**WHAT YOU SHOULD DO:** Quote the whole listing exactly. Leave the pictures out of your copy.

**RECORDED DATA:**
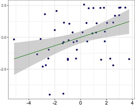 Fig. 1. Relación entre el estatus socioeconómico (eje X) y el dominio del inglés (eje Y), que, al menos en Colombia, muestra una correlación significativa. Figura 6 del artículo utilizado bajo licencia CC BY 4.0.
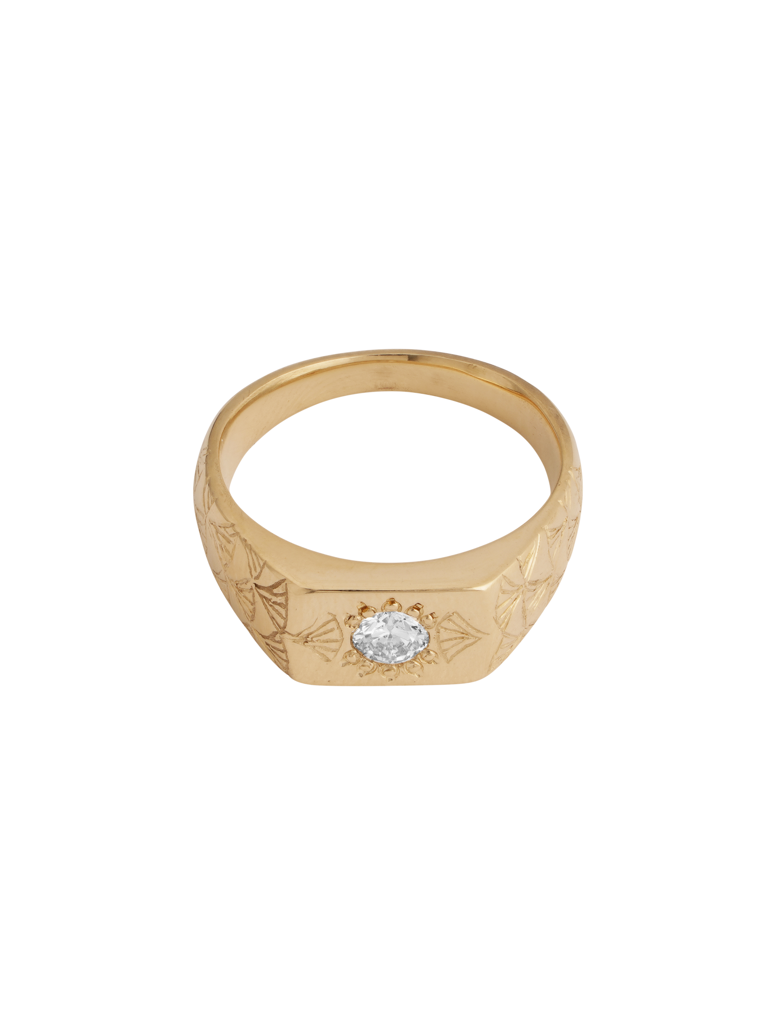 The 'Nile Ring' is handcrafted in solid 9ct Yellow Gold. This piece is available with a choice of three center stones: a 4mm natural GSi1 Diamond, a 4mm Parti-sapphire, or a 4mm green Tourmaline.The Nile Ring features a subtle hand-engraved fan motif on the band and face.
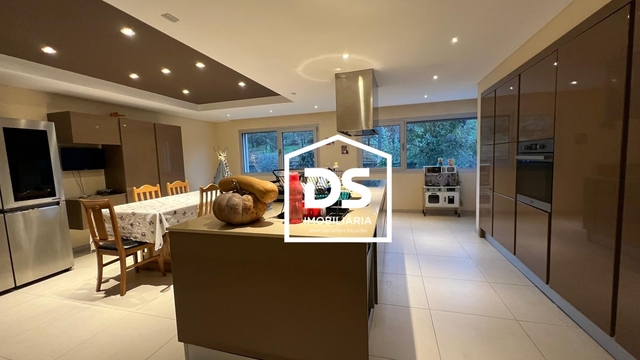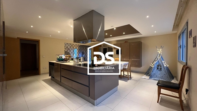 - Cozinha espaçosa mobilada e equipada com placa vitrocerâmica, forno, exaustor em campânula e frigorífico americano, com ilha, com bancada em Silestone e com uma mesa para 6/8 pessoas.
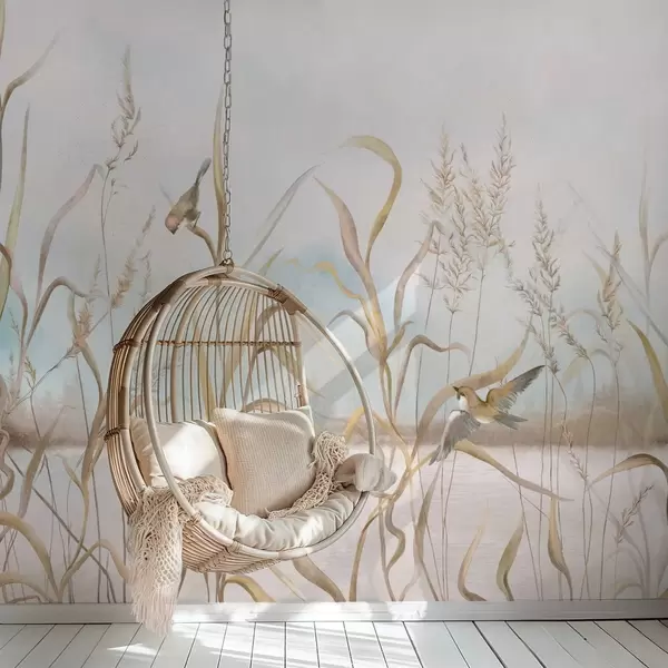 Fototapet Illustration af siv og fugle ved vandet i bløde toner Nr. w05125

**EXERCISE SOLUTION:**
 Fig. 1. Relación entre el estatus socioeconómico (eje X) y el dominio del inglés (eje Y), que, al menos en Colombia, muestra una correlación significativa. Figura 6 del artículo utilizado bajo licencia CC BY 4.0.
 The 'Nile Ring' is handcrafted in solid 9ct Yellow Gold. This piece is available with a choice of three center stones: a 4mm natural GSi1 Diamond, a 4mm Parti-sapphire, or a 4mm green Tourmaline.The Nile Ring features a subtle hand-engraved fan motif on the band and face.
 - Cozinha espaçosa mobilada e equipada com placa vitrocerâmica, forno, exaustor em campânula e frigorífico americano, com ilha, com bancada em Silestone e com uma mesa para 6/8 pessoas.
 Fototapet Illustration af siv og fugle ved vandet i bløde toner Nr. w05125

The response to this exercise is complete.